We note that the inferred parameters in our models may involve state-dependent modulation. Neuromodulators, for instance, are known to modify effective neuronal excitabilities In our networks, inferred gains and biases do not necessarily account for a single biophysical process but rather the coordinated effects of multiple processes. As long as the timescale of these processes is slower than the dynamics being inferred, we expect an approach similar to the one described here to be appropriate. However, this state-dependence may also imply that the inferred parameters may not generalize to new behavioral states.

### Properties of connectome-constrained and unconstrained network solutions

The loss function of feedforward neural networks trained on different tasks has been shown to have multiple minima, with often counter-intuitive geometrical properties^{41;42}. The multiplicity of minima arises from symmetries such as weight permutations in the network parametrization^{43}. It remains unclear whether such ideas extend to recurrent neural networks. We found that for connectivity-constrained networks in a teacher-student paradigm, our results are consistent with the existence of a single minimum with stiff and sloppy parameter modes around the optimal solution (Fig. 6). The alignment between sloppy parameter modes in subsampled versus fully sampled problems explains the success in generalizing to unrecorded neurons.

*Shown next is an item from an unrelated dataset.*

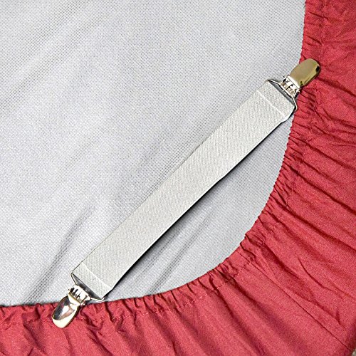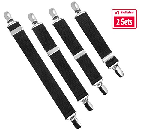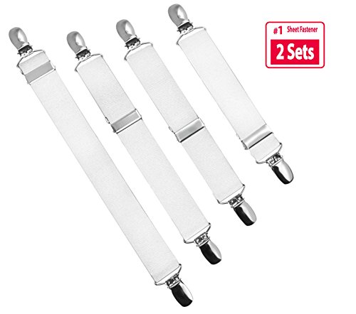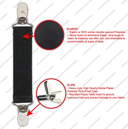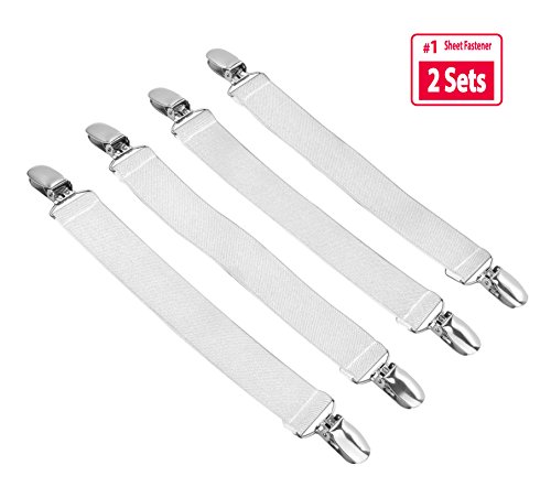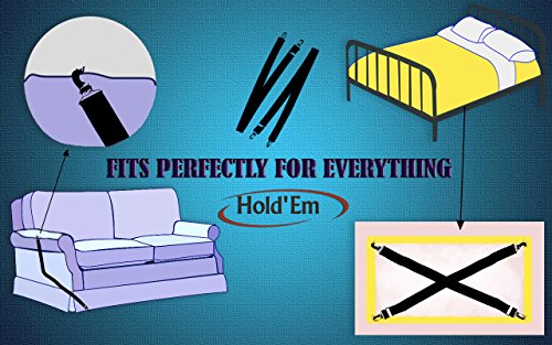 Product Description HOLD'EM PREMIUM HIGH QUALITY BED SHEET SUSPENDERS FASTENERS KEEP SHEETS SNUG WITHOUT SLIPPING SLEEP BETTER!! Do you want your bedroom to look nice and clean and sleep great and not wake up in the morning with sheet covers that are flying down from your bed? Rather than the cheap junky would you like durable, sturdy, and super strong Bed Sheet Fasteners that keep you bed sheets or mattress covers tucked in? If so, you had made the perfect choice when buying those Bed Sheet Suspender Fasteners. Designed with extra sturdy, high quality polished metal clips, ultra soft elastic, offering you premium quality that will last for a life time. With our Hold'Em Bed Sheet Fasteners you can prevent an uncomfortable sleep while performing high quality. Our Extra Sturdy Bed Sheet Fastener are a premium choice with a number of key benefits: ? Designed for any type of bed - can be used for all kinds of bed sizes such as king, queen, twin, hospital bed, hide-a-bed, crib, or just a regular size bed. ?Worry free messy or wrinkled sheets - with purchasing these Hold'Em Sheet Fasteners you can be sure that your sheet will always stay wrinkle free and have a classy and clean look. ? Perfect for Gift Giving - Buy today and have a perfect gift to give for any occasion and to any of your beloved such as you husband or boyfriend. ?Highest Quality Clips - Made with the strongest quality clips to help keep your bed sheet attached to your bed. ?Best Quality Comfortable Elastic - 100% Woven Polyester Double Weaved, doesn't fray, strong soft finish material. Will never lose its stretch and shape, ? Great for Bed sheets, fitted sheets, flat sheets, crib sheets, mattress pads, and many many more. So, if you would like the World's Best Premium Bed Sheet Fastener featuring High Quality Clips and Durable Elastic These Bed Sheet Fastener will be the perfect choice for you. Click "Add to Cart" to buy it now and enjoy a lifetime neat looking bed!! 0

It is known that, in order to estimate neural dynamics lying in a manifold of linear dimensionality *D*, it is necessary to record from *N > D* different neurons, independent of network size^{32}. Connectome-constrained models go beyond such mean-field or population-level descriptions of neural dynamics, as they are also concerned with how each specific neuron contributes to global activity patterns. This requires knowledge of unrecorded neurons’ loadings onto the low-dimensional manifold. Nevertheless, similar to the problem of estimating dynamics on a neural manifold, we find that the number of neurons needed for accurate reconstruction does not depend on network size if neural activity remains low-dimensional.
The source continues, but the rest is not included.